## Your task
Copy the records below line by line and word for word, from the very first line through the line with "2025年2月以来我国煤炭进", omitting each picture.

Records excerpted from a collection
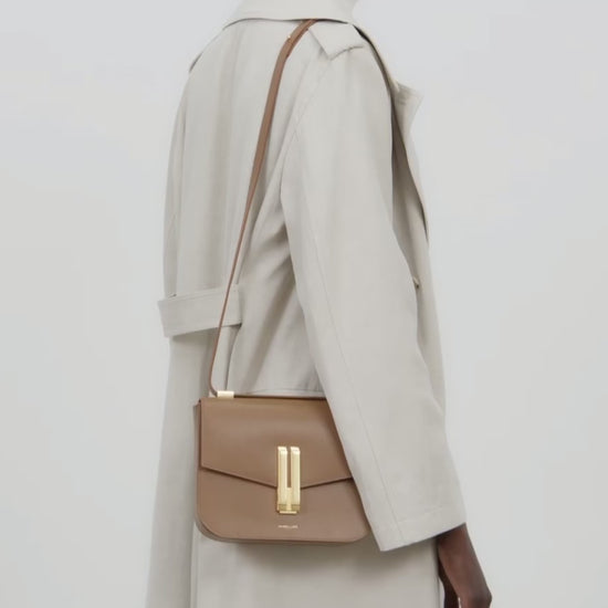 The Vancouver is ethically handcrafted from sustainable materials. It presents a sleek, structured design that marries the strength of the arrow-inspired double-bar lock with soft round edges. This versatile bag features an adjustable strap and can be worn crossbody or over the shoulder. Inside, there are two compartments in a soft cotton lining and a zipped pocket for smaller essentials. The Vancouver combines vintage sensibilities with a contemporary aesthetic.
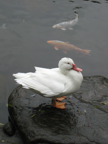 春雨中嬉戲的綠頭鴨真的很幸福,水中游泳的錦鯉也很快活,「三富花園農場」裡一雙雙、一對對的禽鳥游魚,模樣羨煞人也‥‥
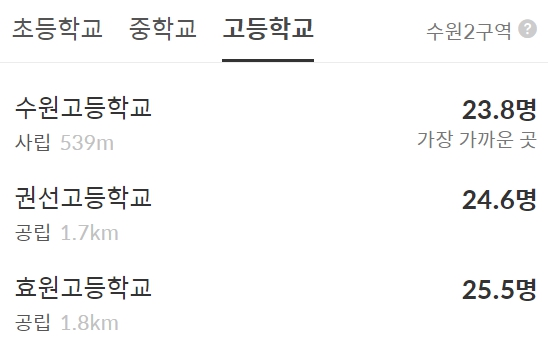 권선초, 수원중, 수원고 위치입니다.
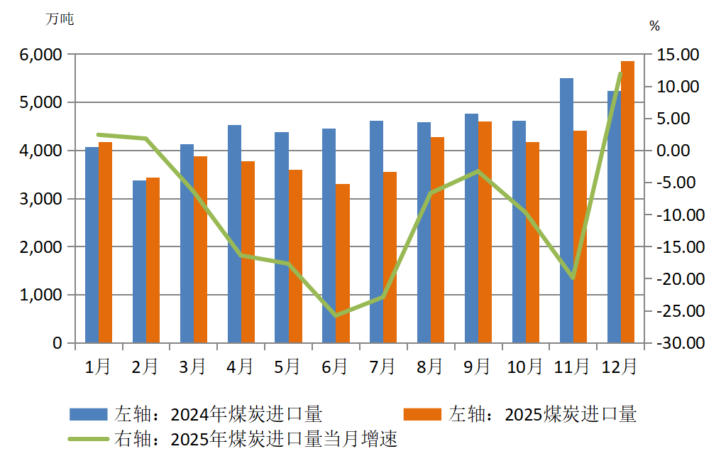 2025年2月以来我国煤炭进口量同比持续减少,直至12月我国进口煤炭5859.7万吨,超过了2024年11月的5498万吨,再创历史新高;较上年同期的5234.6万吨增加625.1万吨,同比增长11.9%;较11月份的4405.3万吨增加1454.4万吨,环比增长33.0%。2025年全年我国煤炭进口总量虽同比下降9.6%至4.9亿吨,但仍处于历史第二高位。
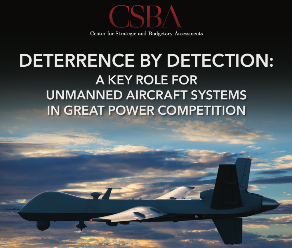 In CSBA’s latest study, Deterrence by Detection: A Key Role for Unmanned Systems in Great Power Competition, CSBA President and CEO Dr. Thomas G. Mahnken, Research Fellow Travis Sharp, and Senior Analyst Grace Kim propose a new operational concept to deter Chinese and Russian aggression, one that uses a network of existing non-stealthy long-endurance unmanned aircraft systems (UAS) to maintain real-time, persistent situational awareness in key geographic areas in the Western Pacific and Eastern Europe.
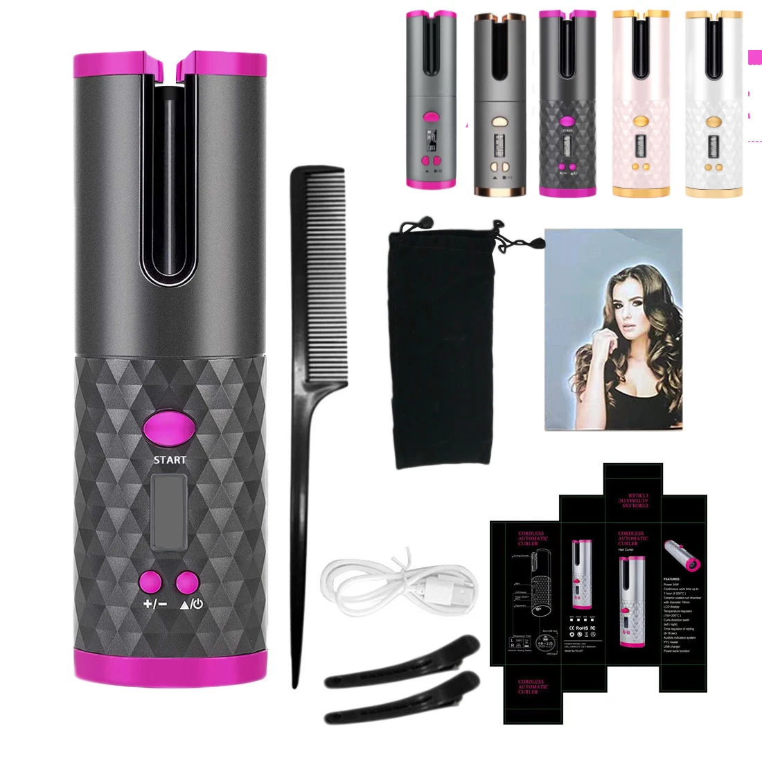 Cheapest Cordless Automatic Hair Curling Iron Hair Curler Portable USB Rechargeable Hair Wave Styer LCD Display with 1 Comb+2pc Clips
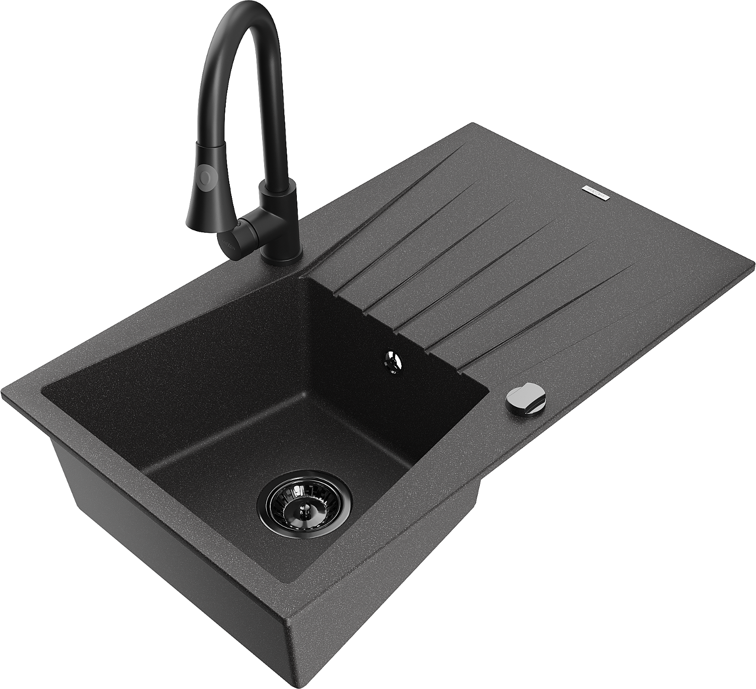 Mexen Cesar zlewozmywak granitowy 1-komorowy z ociekaczem i baterią kuchenną Elia, czarny nakrapiany - 6514-76-670101-70-B
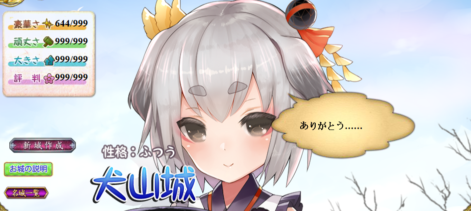大阪ルートで大阪と同じ全カンストで失敗して大阪、今回は一応ヒントで豪華は低め?って感じだったので、築城条件のほぼ最低値にして他カンストで犬山…orz
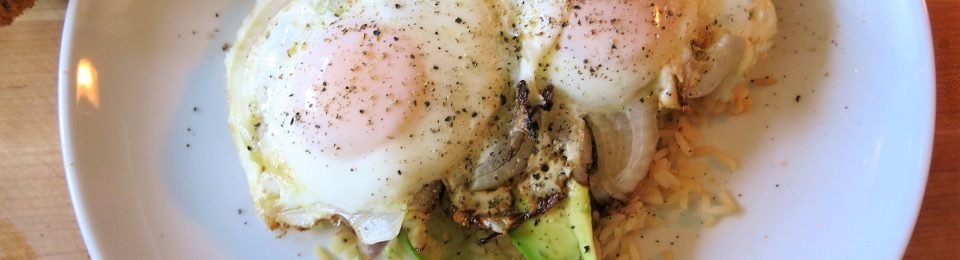Heat the skillet over medium heat. Add the oil or bacon fat and the onion slices. Toss in some sliced garlic cloves, if you want. I had garlic in the rice, so I didn’t do this. Sauté the onion for a minute or two, then push the slices together in the middle of the pan, lower the heat and break one or two eggs on top. Cover and cook for about 1 1/2 to 2 minutes.
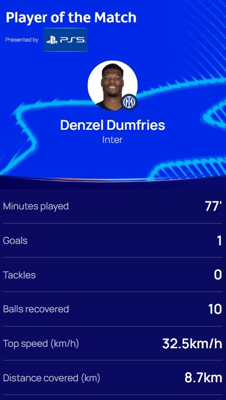 本场比赛中邓弗里斯出场77分钟,打进1球,10次赢回球权,冲刺速率最快32.5km/h,赛后他也当选欧冠官方评比出的本场最好球员。
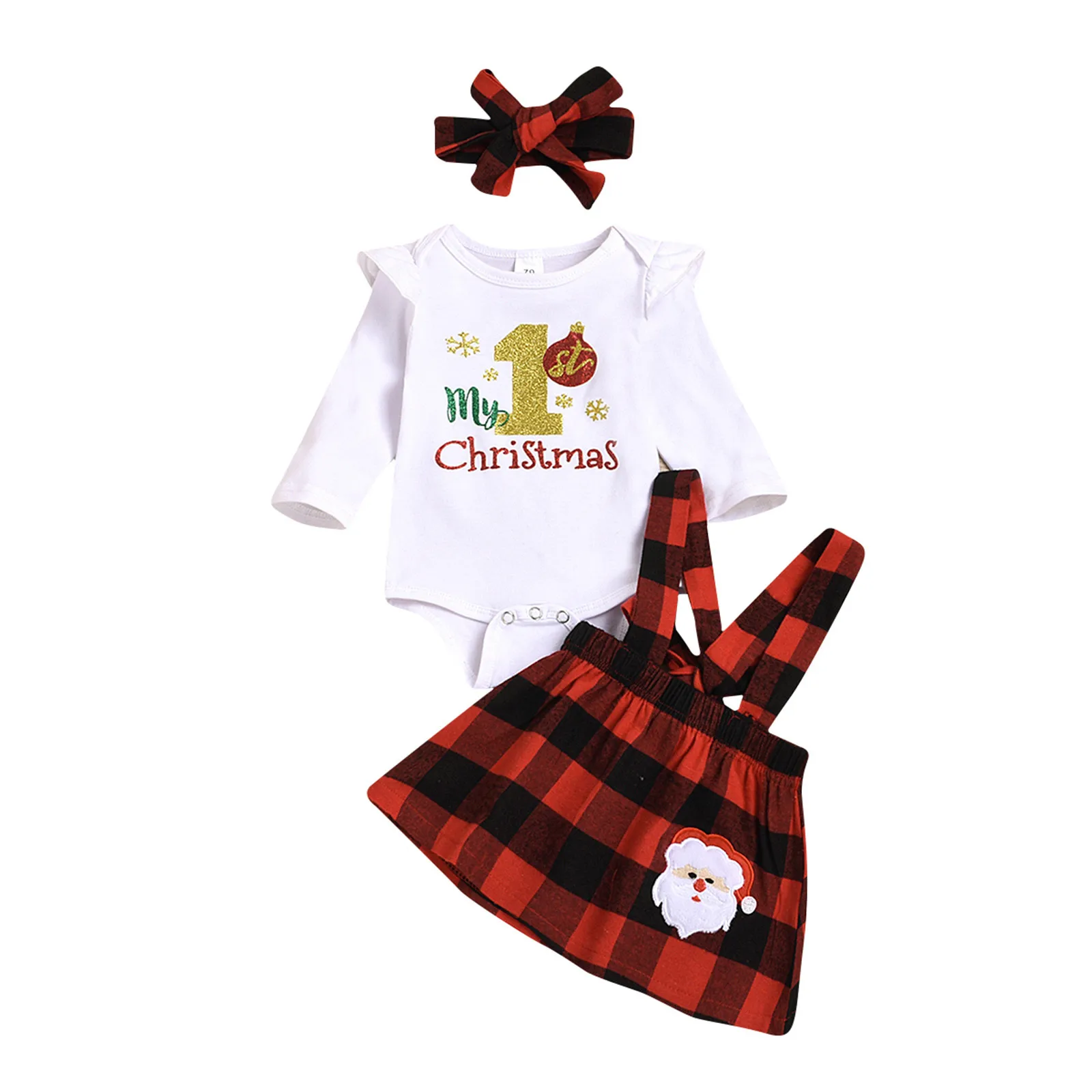 0-24Months, для младенцев, для новорожденных, для маленьких девочек, рождественские наряды, в клетку, с принтом комбинезон юбка Набор для волос תינוקות בנות и праздников для девочек, детские рождественские M4
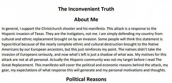 上周六,21岁的克鲁修斯(Patrick Crusius)在得克萨斯州的沃尔玛超市发动枪击前不到一小时,曾在8Chan上发布了四页长的个人宣言。克鲁修斯在宣言中明确支持新西兰清真寺枪击案枪手,称自己发动袭击是为了回应“拉美裔对得州的入侵”。

## Expected output
 The Vancouver is ethically handcrafted from sustainable materials. It presents a sleek, structured design that marries the strength of the arrow-inspired double-bar lock with soft round edges. This versatile bag features an adjustable strap and can be worn crossbody or over the shoulder. Inside, there are two compartments in a soft cotton lining and a zipped pocket for smaller essentials. The Vancouver combines vintage sensibilities with a contemporary aesthetic.
 春雨中嬉戲的綠頭鴨真的很幸福,水中游泳的錦鯉也很快活,「三富花園農場」裡一雙雙、一對對的禽鳥游魚,模樣羨煞人也‥‥
 권선초, 수원중, 수원고 위치입니다.
 2025年2月以来我国煤炭进口量同比持续减少,直至12月我国进口煤炭5859.7万吨,超过了2024年11月的5498万吨,再创历史新高;较上年同期的5234.6万吨增加625.1万吨,同比增长11.9%;较11月份的4405.3万吨增加1454.4万吨,环比增长33.0%。2025年全年我国煤炭进口总量虽同比下降9.6%至4.9亿吨,但仍处于历史第二高位。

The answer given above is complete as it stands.